__Given records__:
※

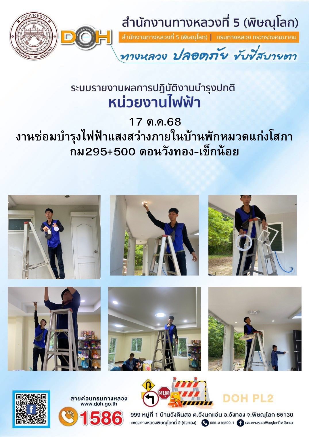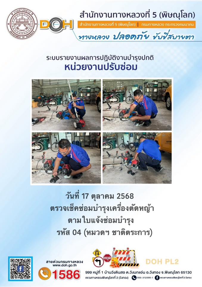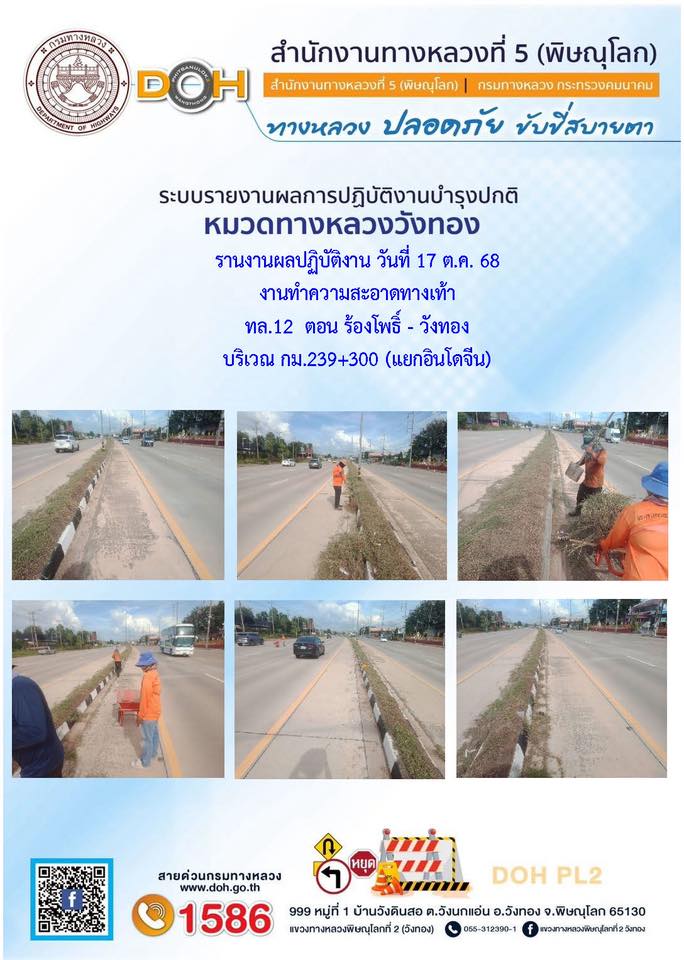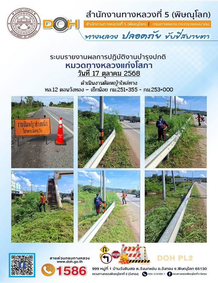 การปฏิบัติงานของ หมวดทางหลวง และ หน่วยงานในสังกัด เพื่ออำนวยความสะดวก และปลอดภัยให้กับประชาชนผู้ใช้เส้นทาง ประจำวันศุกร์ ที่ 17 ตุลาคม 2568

※

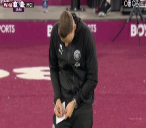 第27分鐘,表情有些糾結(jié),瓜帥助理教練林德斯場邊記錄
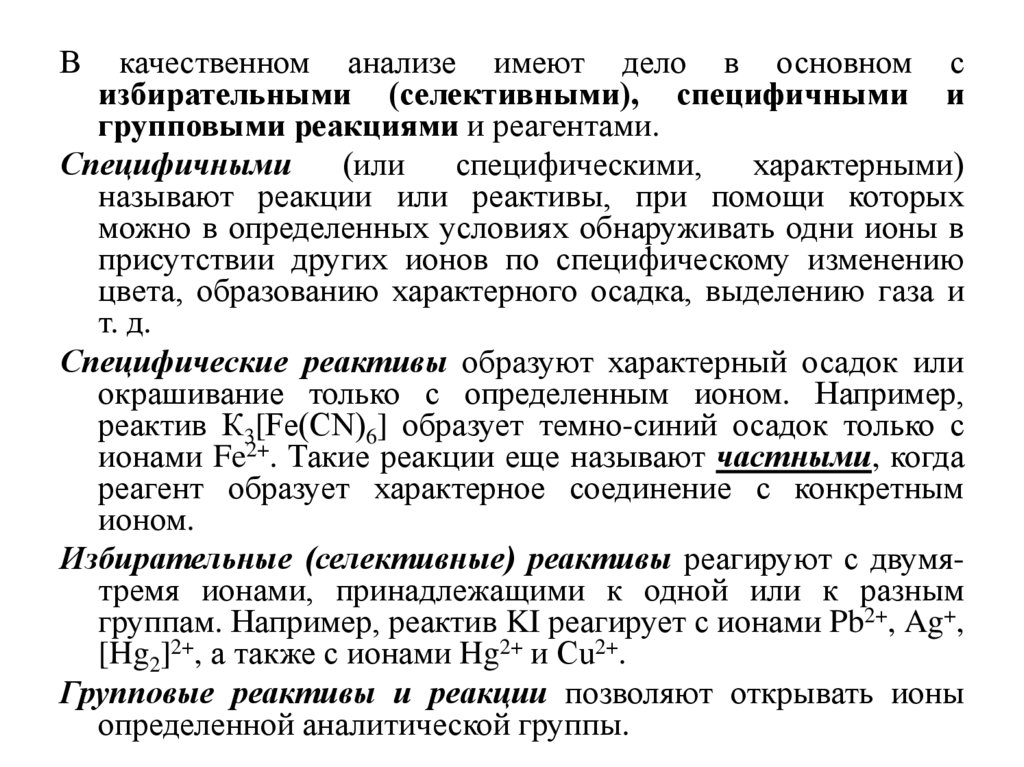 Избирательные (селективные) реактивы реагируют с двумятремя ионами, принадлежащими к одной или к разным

※

__Requirement__: Taking the entries above, extract every line from the one bearing "第27分鐘,表情有些糾結(jié),瓜帥助理教練林德斯場邊記錄" through the one bearing "Избирательные (селективные) реактивы", exactly, with no pictures.

__Output below__:
 第27分鐘,表情有些糾結(jié),瓜帥助理教練林德斯場邊記錄
 Избирательные (селективные) реактивы реагируют с двумятремя ионами, принадлежащими к одной или к разным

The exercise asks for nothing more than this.